Magoado com Lula e com o PT, Mantega, o mais longevo ministro da Fazenda em período democrático, com quase nove anos no cargo, dificilmente voltará à militância que marcou sua trajetória antes de o partido assumir o poder, em 2003. Embora evite fazer críticas públicas a Dilma, ele costuma desabafar com os amigos. Diz que muitas das medidas adotadas pelo governo deveriam ser colocadas na conta de Dilma, como o fracasso das concessões de serviços públicos e da política energética. No início de setembro, após ser demitido por Dilma via satélite, Mantega quis deixar o cargo imediatamente. Alguns amigos, indignados com a situação vexatória, botaram pilha para ele sair. Mantega acabou decidindo ficar até o final do governo, para não prejudicar Dilma nas eleições. Mas nem foi à posse de Dilma, no dia 1º de janeiro. Alegou que tinha marcado uma viagem de férias com a família e um casal amigo, para Saint Martin, no Caribe, onde passou cerca de 20 dias no La Samanna, um resort cinco estrelas à beira-mar. Nem sequer transmitiu o cargo a seu sucessor, Joaquim Levy, um crítico verborrágico da gestão do petista na Fazenda, com quem manteve uma relação pouco amistosa no período de transição, entre a eleição e a posse.

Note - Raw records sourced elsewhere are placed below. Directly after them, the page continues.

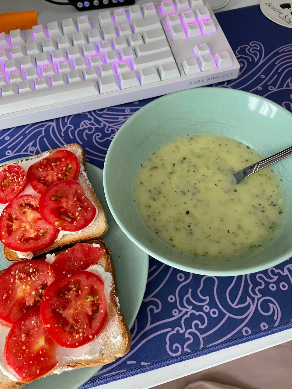 Подаем с тостом с творожным сыром и запеченным помидором с солью и чесноком. КУшаем.
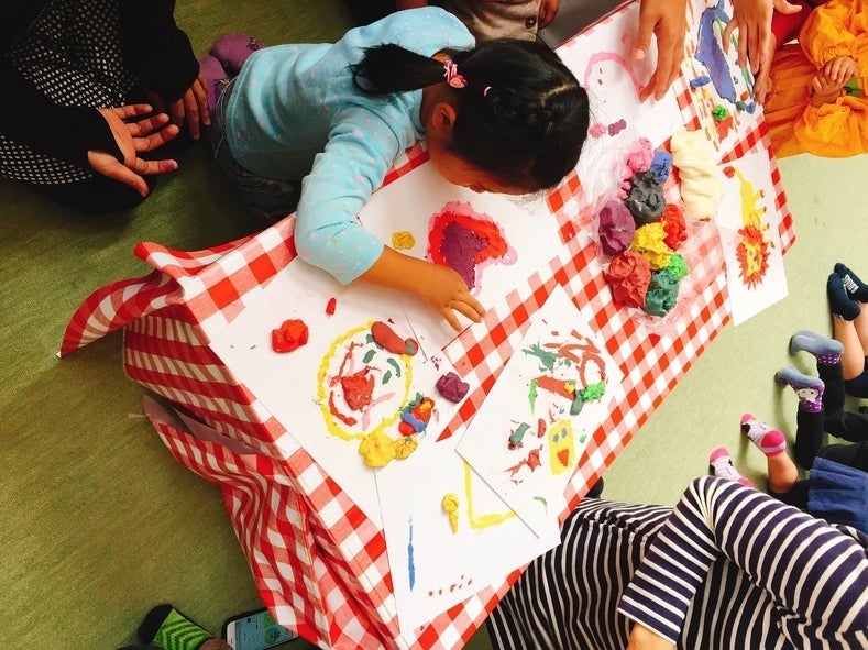 カラフルな油ねんどで、桜の木や、虹、恐竜など、思い思いの絵を描く子どもたちは真剣そのもの!
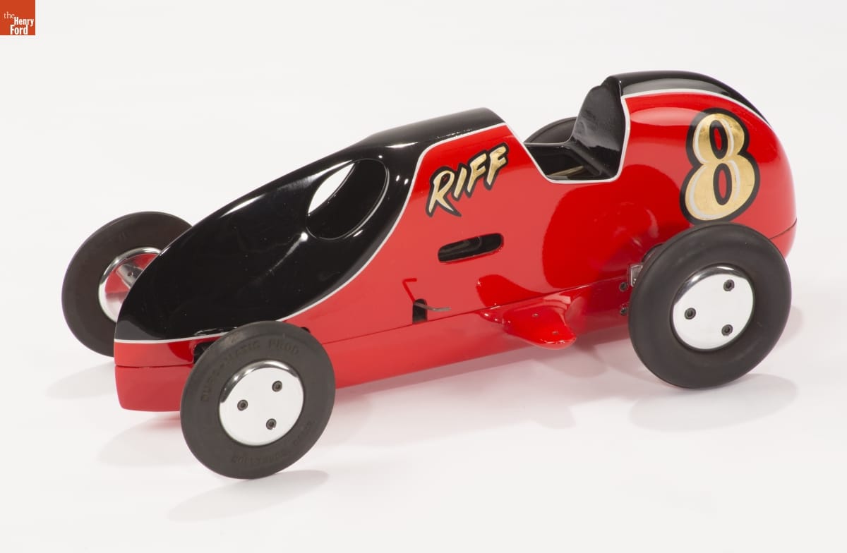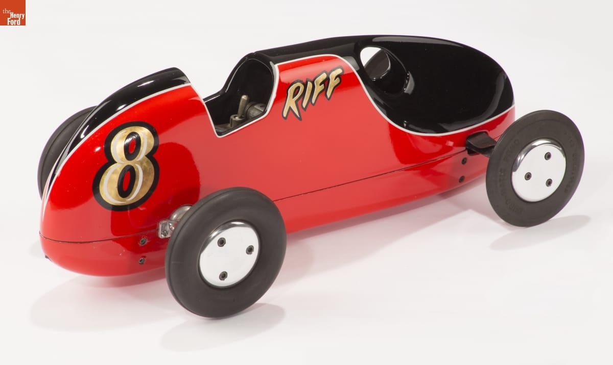 Tether cars, gas-powered model race cars, were popular in the 1930s and 1940s. They were raced individually while tethered to a central pivot, or against each other on a scaled-down board track. This car, with a magnesium top and belly pan, was one of a small batch built by George Riff of Chicago.

Ao voltar de férias, num sinal de sua capacidade de absorver golpes baixos, Mantega ainda aceitou o pedido de Dilma para continuar na presidência do Conselho de Administração da Petrobras, neste período turbulento da vida da empresa, marcado por escândalos de corrupção. Segundo o relato de um membro do conselho a ÉPOCA, Mantega continuou a defender os interesses do governo petista, como fazia quando era ministro e apoiava o congelamento dos preços dos combustíveis. No final da gestão de Graça Foster, Mantega fez de tudo para evitar que a empresa admitisse perdas de R$ 88,6 bilhões com corrupção e sobrevalorização de ativos. Pela interação que mostrou com Aldemir Bendine, o novo presidente da Petrobras, conhecido como Dida, Mantega parece estar confortável com a escolha de Dilma.

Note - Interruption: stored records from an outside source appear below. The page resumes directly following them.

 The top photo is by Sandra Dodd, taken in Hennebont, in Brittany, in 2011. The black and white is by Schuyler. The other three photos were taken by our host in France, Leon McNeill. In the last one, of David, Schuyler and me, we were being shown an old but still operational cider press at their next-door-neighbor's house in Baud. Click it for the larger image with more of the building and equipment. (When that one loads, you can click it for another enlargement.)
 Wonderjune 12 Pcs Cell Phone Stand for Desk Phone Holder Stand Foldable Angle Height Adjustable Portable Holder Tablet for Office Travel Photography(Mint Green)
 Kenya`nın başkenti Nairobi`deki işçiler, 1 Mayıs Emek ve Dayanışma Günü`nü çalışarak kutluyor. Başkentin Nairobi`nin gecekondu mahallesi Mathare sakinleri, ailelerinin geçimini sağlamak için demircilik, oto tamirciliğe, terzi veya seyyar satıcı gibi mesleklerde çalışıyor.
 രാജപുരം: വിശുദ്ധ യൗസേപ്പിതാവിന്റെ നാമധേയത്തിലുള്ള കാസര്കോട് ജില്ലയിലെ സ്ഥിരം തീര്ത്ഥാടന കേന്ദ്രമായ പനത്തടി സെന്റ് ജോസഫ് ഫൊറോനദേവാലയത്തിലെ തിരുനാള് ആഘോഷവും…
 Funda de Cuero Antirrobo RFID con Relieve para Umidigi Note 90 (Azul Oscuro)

Enquanto aguenta as humilhações nas ruas de São Paulo, à espera dos seis meses de quarentena a que estão sujeitos os integrantes do primeiro escalão que deixam o governo, Mantega se prepara para o futuro. Em princípio, ele deverá ficar no conselho da Petrobras até a divulgação do balanço auditado de 2014, mas é possível que saia já na próxima reunião do órgão, em 23 de março. O mais cotado para substituí-lo é o presidente da Vale, Murilo Ferreira, que deverá acumular as duas posições. Mantega aguarda também sua indicação para a presidência do conselho do banco dos Brics, o grupo de países que, além do Brasil, reúne a China, a Índia, a Rússia e a África do Sul, cuja sede fica em Xangai. Se confirmada, ele terá de ir algumas vezes por ano para lá, para participar das reuniões do conselho. Com o apoio do amigo Yoshiaki Nakano, diretor da escola de economia da FGV, Mantega ganhou uma sala na instituição, onde deverá dar aulas a partir do segundo semestre.

Por ora, não lhe faltará tempo para fazer suas caminhadas, de óculos escuros e boné, pelo Alto de Pinheiros, na Zona Oeste de São Paulo, onde mora. Nem para frequentar a piscina do clube que leva o nome do bairro, do qual se tornou sócio em 2010, um ponto de encontro de empresários e profissionais liberais que vivem nas redondezas. Isso se não houver, é claro, uma nova demonstração explícita de intolerância contra ele nas dependências do clube.